- Your instructions:
For this exercise, write each entry below out precisely and omit the pictures.

- Record set:

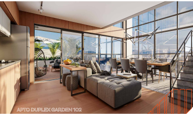
APTO DUPLEX GARDEN 102
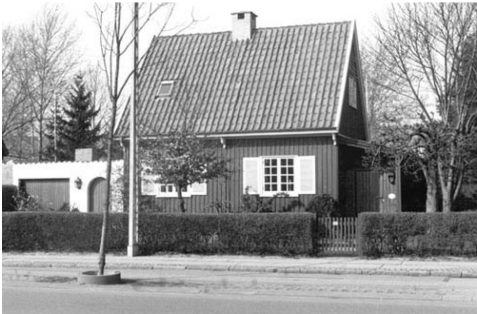
Brostykkevej 158, Phønixhus.

have gået videre, kunne man forledes til at tro, at erstatningskravet blev opfyldt.
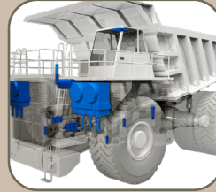
4. les cabines climatisées
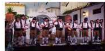
comparsa de Gines el Santo Angel
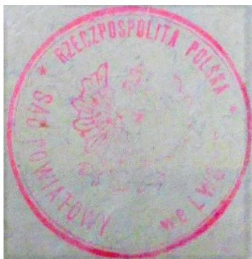
Pieczęć Sądu Powiatowego we Lwowie z Державний Архів Івано-Фраківської Області (DAIFO), fond 635, opis 1, sprawa 10, k. 10.

- Task answer:
APTO DUPLEX GARDEN 102
Brostykkevej 158, Phønixhus.

have gået videre, kunne man forledes til at tro, at erstatningskravet blev opfyldt.
4. les cabines climatisées
comparsa de Gines el Santo Angel
Pieczęć Sądu Powiatowego we Lwowie z Державний Архів Івано-Фраківської Області (DAIFO), fond 635, opis 1, sprawa 10, k. 10.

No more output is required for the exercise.